Repeat every line of the listing below exactly, minus the pictures.

## Source data:
- - - -

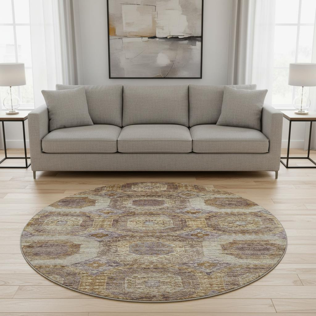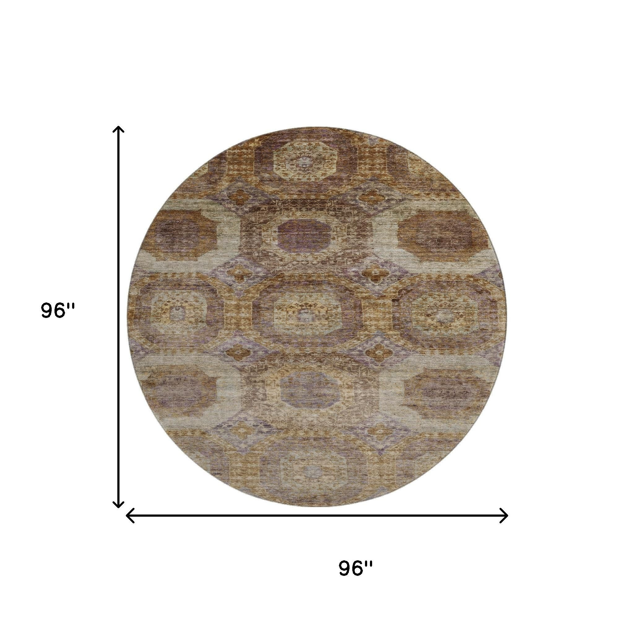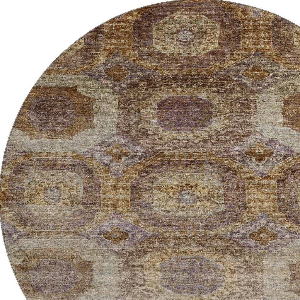 Add some artistry to your room with this 8-foot rust brown and beige abstract geometric washable round rug with uv protection. Ideal for spaces with kids and pets, this rug is stain resistant to help repel dirt and spilled liquids. Built to last, this rug crafted from polyester fibers is known for its durability and long lasting appeal. Rugs are a great way to showcase your style, hide imperfections, warm your home and reduce noise. This larger sized, transitional styled rug is ready to create a focal point or statement piece in your room. 96.00-inch h x 96.00-inch w x 0.39-inch d.
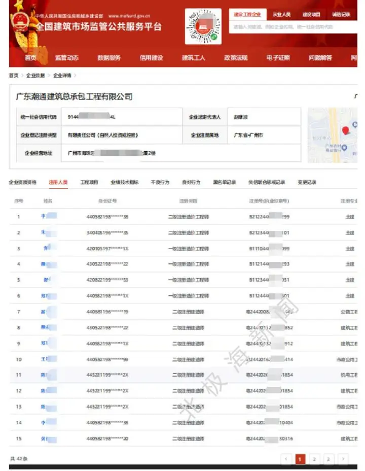 (图为广东潮通建筑总承包工程有限公司部分注册工程师名单)
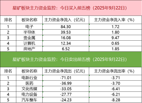 从主力板块资金监控数据来看,电子板块主力资金净流入居首。
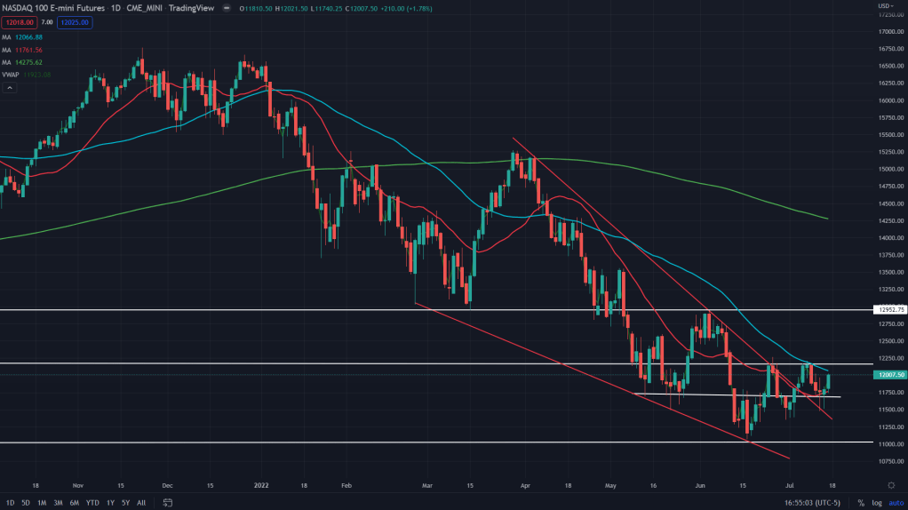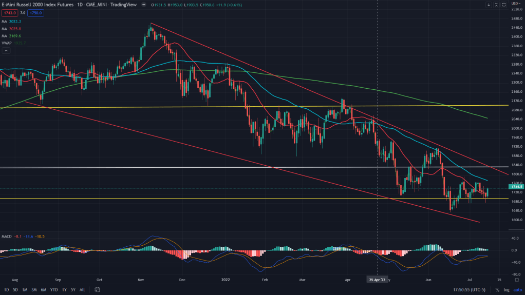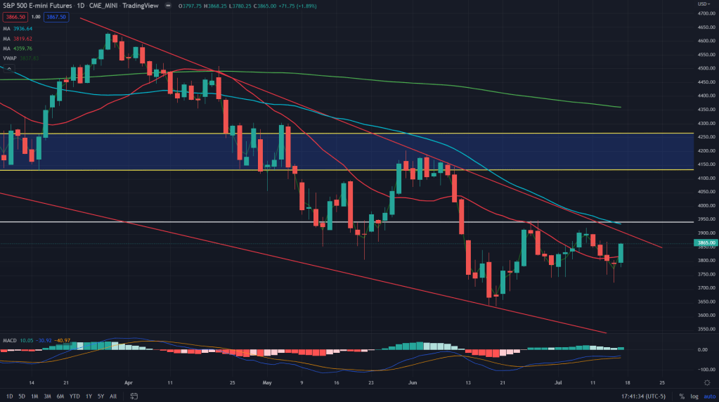 Here’s the daily chart of NQ futures. While I had already mentioned on my Twitter feed (here, here and here), there was a falling wedge breakdown that broke out, backtested and rallied back up. We traded the breakout and the rally after the backtest as well.

- - - -

## Answer to this problem:
 Add some artistry to your room with this 8-foot rust brown and beige abstract geometric washable round rug with uv protection. Ideal for spaces with kids and pets, this rug is stain resistant to help repel dirt and spilled liquids. Built to last, this rug crafted from polyester fibers is known for its durability and long lasting appeal. Rugs are a great way to showcase your style, hide imperfections, warm your home and reduce noise. This larger sized, transitional styled rug is ready to create a focal point or statement piece in your room. 96.00-inch h x 96.00-inch w x 0.39-inch d.
 (图为广东潮通建筑总承包工程有限公司部分注册工程师名单)
 从主力板块资金监控数据来看,电子板块主力资金净流入居首。
 Here’s the daily chart of NQ futures. While I had already mentioned on my Twitter feed (here, here and here), there was a falling wedge breakdown that broke out, backtested and rallied back up. We traded the breakout and the rally after the backtest as well.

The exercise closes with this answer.